- _Try it_
Pictures stay out of the copy. Retype exactly the lines below from the one with "Jessie Diggins siegt" through the one with "Душевая кабина Grossman".

- _Records supplied_

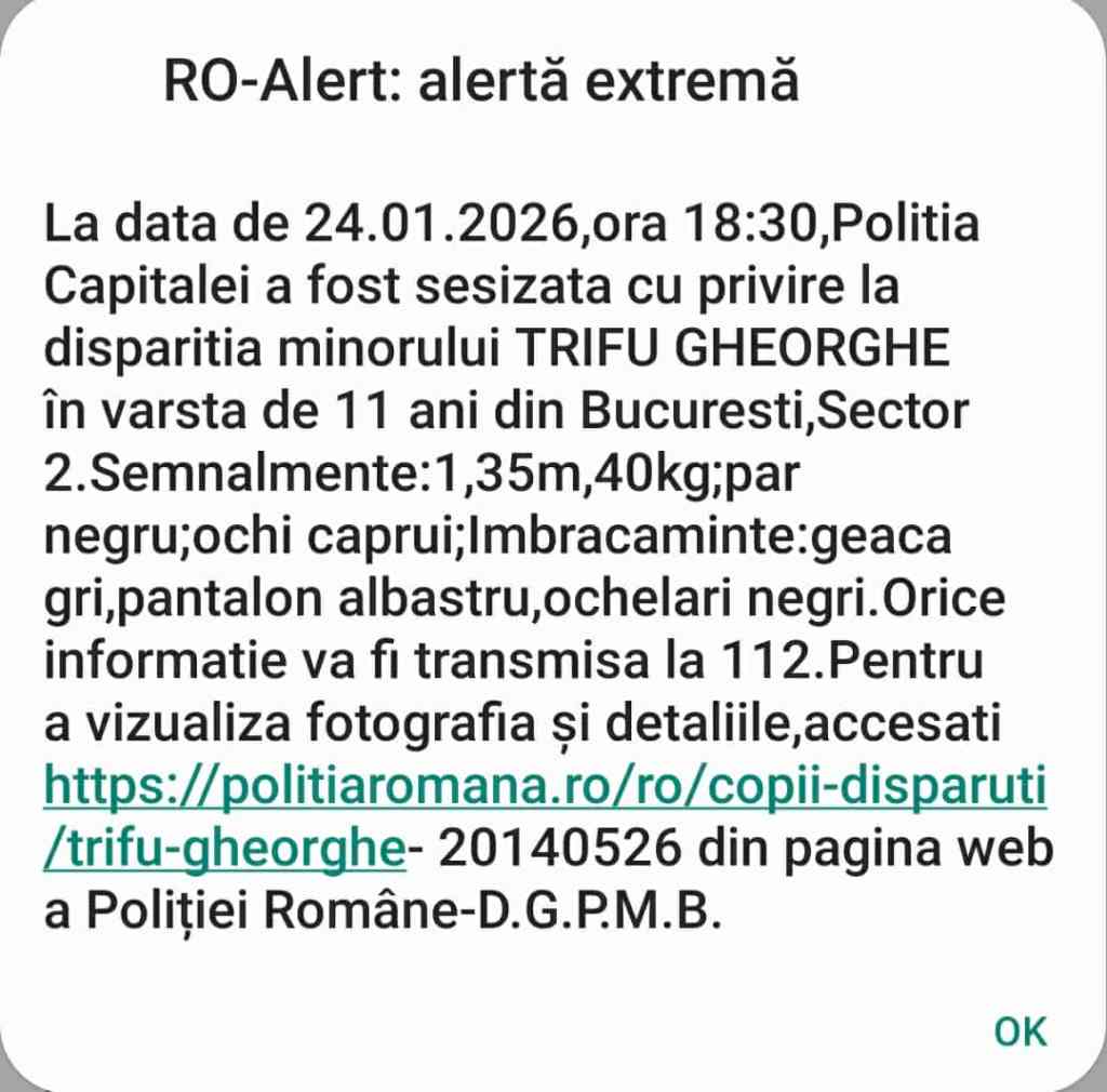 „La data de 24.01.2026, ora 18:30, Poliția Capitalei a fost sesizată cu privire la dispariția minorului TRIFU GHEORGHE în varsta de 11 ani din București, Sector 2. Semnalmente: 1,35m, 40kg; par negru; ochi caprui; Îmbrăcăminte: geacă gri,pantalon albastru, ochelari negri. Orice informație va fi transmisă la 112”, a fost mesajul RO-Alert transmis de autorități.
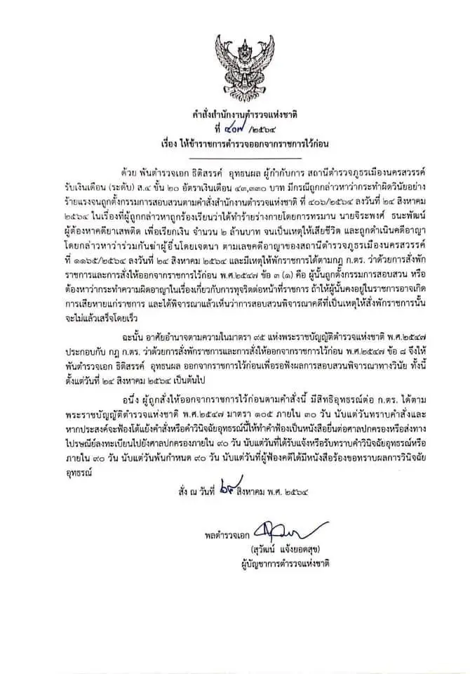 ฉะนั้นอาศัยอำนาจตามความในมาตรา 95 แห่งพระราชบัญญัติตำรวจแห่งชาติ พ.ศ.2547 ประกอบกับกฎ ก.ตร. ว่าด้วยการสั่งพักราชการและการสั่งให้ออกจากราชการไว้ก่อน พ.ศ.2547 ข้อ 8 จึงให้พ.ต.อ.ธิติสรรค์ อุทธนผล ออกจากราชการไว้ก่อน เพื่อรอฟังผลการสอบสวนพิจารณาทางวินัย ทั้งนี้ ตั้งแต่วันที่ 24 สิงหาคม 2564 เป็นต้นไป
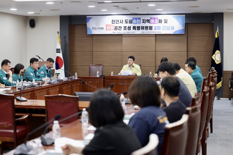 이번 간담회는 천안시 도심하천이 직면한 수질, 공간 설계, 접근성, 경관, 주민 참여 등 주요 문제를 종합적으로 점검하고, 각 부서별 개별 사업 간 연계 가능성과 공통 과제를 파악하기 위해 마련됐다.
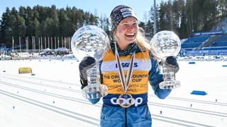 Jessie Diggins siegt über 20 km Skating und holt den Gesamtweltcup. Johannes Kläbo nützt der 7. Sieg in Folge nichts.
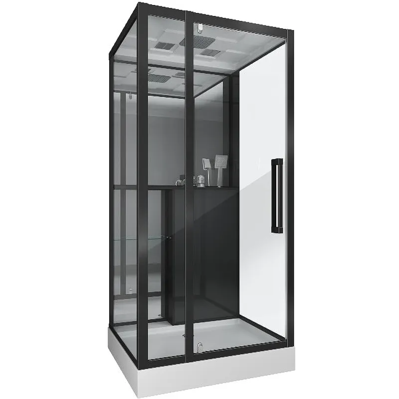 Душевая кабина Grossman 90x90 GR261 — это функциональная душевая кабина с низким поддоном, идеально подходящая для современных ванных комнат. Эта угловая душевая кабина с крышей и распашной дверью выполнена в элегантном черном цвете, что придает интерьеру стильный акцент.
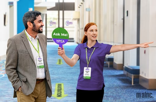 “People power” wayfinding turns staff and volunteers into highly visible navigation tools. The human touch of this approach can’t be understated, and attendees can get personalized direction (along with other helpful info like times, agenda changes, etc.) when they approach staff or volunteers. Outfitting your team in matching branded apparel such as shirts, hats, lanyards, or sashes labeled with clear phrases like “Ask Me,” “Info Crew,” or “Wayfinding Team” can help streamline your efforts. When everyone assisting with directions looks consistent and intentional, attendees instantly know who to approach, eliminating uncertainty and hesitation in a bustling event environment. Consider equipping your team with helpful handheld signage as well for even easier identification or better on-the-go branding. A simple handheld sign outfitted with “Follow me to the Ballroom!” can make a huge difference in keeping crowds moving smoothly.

- _Result for this task_
 Jessie Diggins siegt über 20 km Skating und holt den Gesamtweltcup. Johannes Kläbo nützt der 7. Sieg in Folge nichts.
 Душевая кабина Grossman 90x90 GR261 — это функциональная душевая кабина с низким поддоном, идеально подходящая для современных ванных комнат. Эта угловая душевая кабина с крышей и распашной дверью выполнена в элегантном черном цвете, что придает интерьеру стильный акцент.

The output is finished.